In a G.P., the ratio [tex]\(r\)[/tex] between successive terms is constant:
[tex]\[ r = \frac{a_2}{3} = \frac{a_3}{a_2} = \frac{81}{a_3} \][/tex]

We solve for [tex]\(r\)[/tex]:

[tex]\[ a_2 = 3r \quad \text{and} \quad a_3 = 3r^2 \][/tex]

Using [tex]\(a_3\)[/tex]:

[tex]\[ 3r^2 = 81 \implies r^2 = 27 \implies r = \sqrt{27} = 3\sqrt{3} \][/tex]

Now, substituting [tex]\(r\)[/tex]:

[tex]\[ a_2 = 3 \cdot 3\sqrt{3} = 9\sqrt{3} \][/tex]

[tex]\[ a_3 = 3 \cdot (3\sqrt{3})^2 = 3 \cdot 27 = 81 \][/tex]

Thus, the numbers are [tex]\(9\sqrt{3}\)[/tex] and it self-raised term [tex]\(3(3\sqrt{3}) = 81\)[/tex].

### f) Find the value of [tex]\({}^{13}C_2\)[/tex].

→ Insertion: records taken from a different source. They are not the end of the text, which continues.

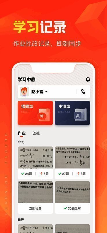 孩子的学习记录,像答疑、交作业情况会即时同步到 App,每周生成学情报告。孩子不会的中英文单词能收藏到生词本,方便家长了解语言学习难点并针对性辅导。家长可便捷绑定/管理作业帮全科学习笔等智能硬件设备,还能多台设备接入同一 App 统一管理。
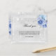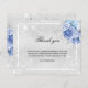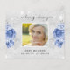 En enkel sympati och elegant tack för att du fick ett kort med foto. En faux silver metallisk tittar bakgrund, ett vitt ram, faux glitter damm, blått ro, blommigt. Anpassa och lägg till tackkortet. Svart text.
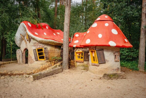 Bij aankomst kunnen de grote paddenstoelen niet missen. Je mag erin spelen, met modder knoeien in het beekje of rondrijden met de kruiwagens. Volg ook de kabouters ook naar binnen, daar is een ballenbak en kun je naar binnengluren bij de kleine huisjes!
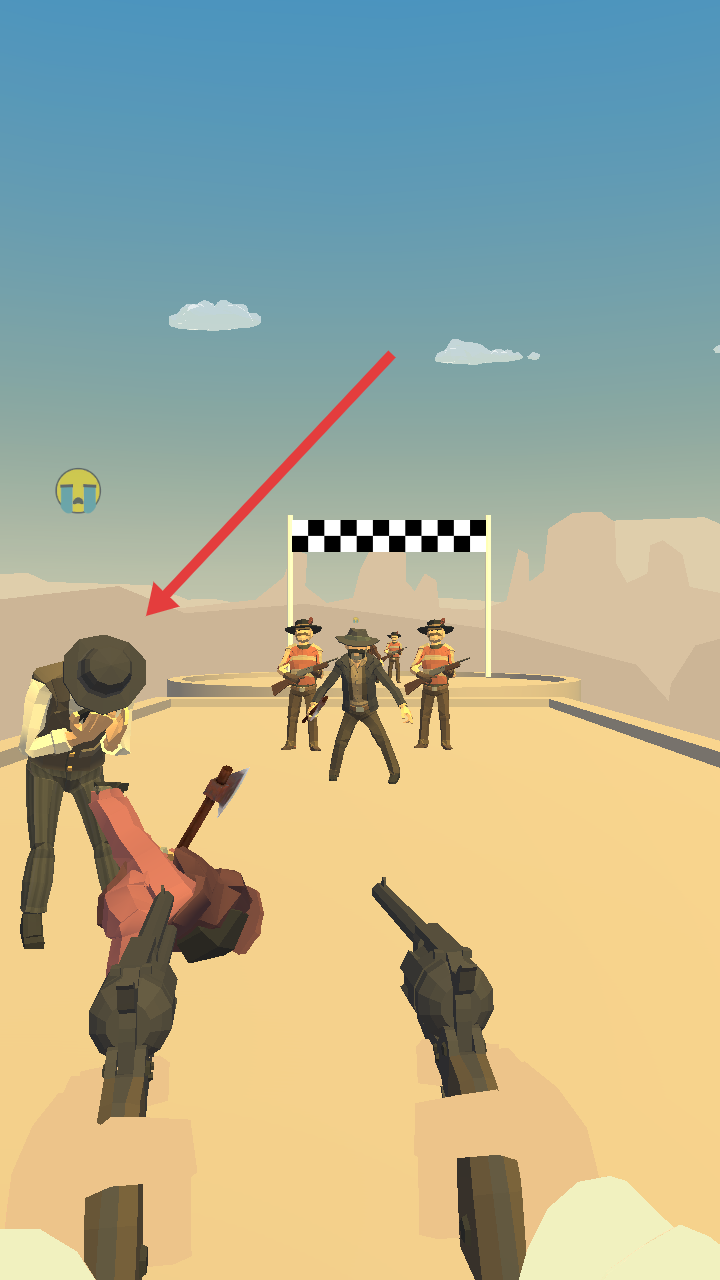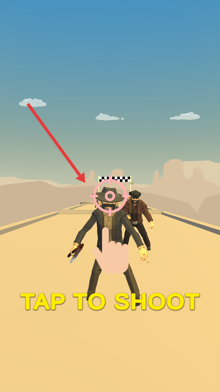 1、点击屏幕射击,在西部荒漠场景中开启射击挑战,瞄准并射击敌人。
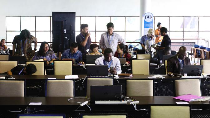 Seorang jurnalis mengetik berita pertemuan tahunan IMF-Bank Dunia di Nusa Dua, Bali, Senin (8/10). Menkominfo Rudiantara memastikan fasilitas internet kencang untuk tamu dan media dalam pertemuan tahunan ini. Liputan6.com/Angga Yuniar)
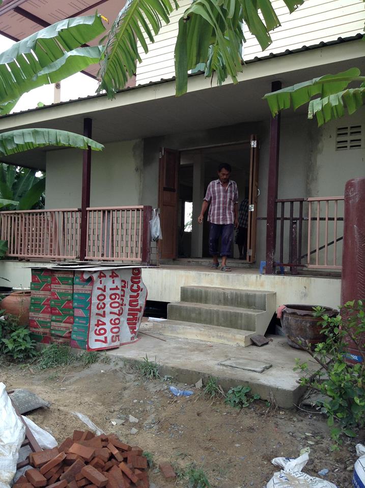 บ้านไม้ชั้นเดียว อายุบ้าน 60 ปี พื้นที่ตัวบ้านประมาณ 60 ตารางเมตร ประตูไม้แบบบานเฟื้ยม หลังคากระเบื้องลอนคู่ ไม่มีฝ้าเพดาน มีห้องนอน 1 ห้อง ที่เหลือเป็นพื้นที่โล่ง พื้นปูนมีระดับต่ำกว่าถนน น้ำฝนมักไหล
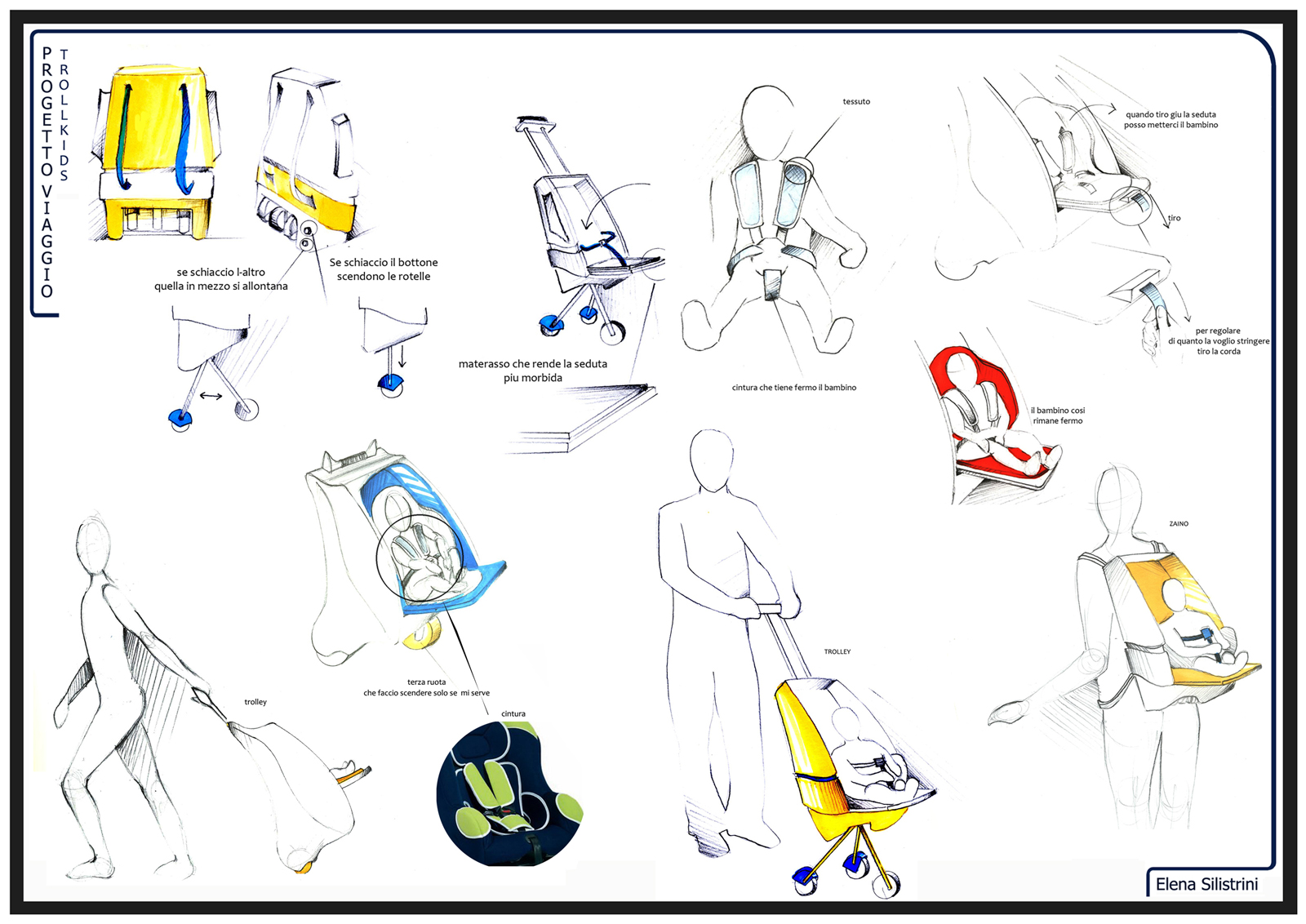 Trollkids Progetto di uno zaino/passeggino creato per i viaggi lunghi dove non sempre è possibile portare il bambino in spalle, con questa soluzione dove non è possibile spingere il bambino il passeggino si trasforma in zaino, in questo modo si può procedere nel viaggio senza intoppi. |

The binomial coefficient, [tex]\({}^{n}C_r\)[/tex], is calculated as:

[tex]\[ {}^{n}C_r = \frac{n!}{r!(n-r)!} \][/tex]

For [tex]\({}^{13}C_2\)[/tex]:

[tex]\[ {}^{13}C_2 = \frac{13!}{2!(13-2)!} = \frac{13!}{2! \cdot 11!} \][/tex]

Simplifying the factorials:

[tex]\[ \frac{13 \cdot 12 \cdot 11!}{2 \cdot 1 \cdot 11!} = \frac{13 \cdot 12}{2 \cdot 1} = \frac{156}{2} = 78 \][/tex]

Thus, [tex]\({}^{13}C_2 = 78\)[/tex].

These detailed steps should help in understanding each specific part of the math problems provided!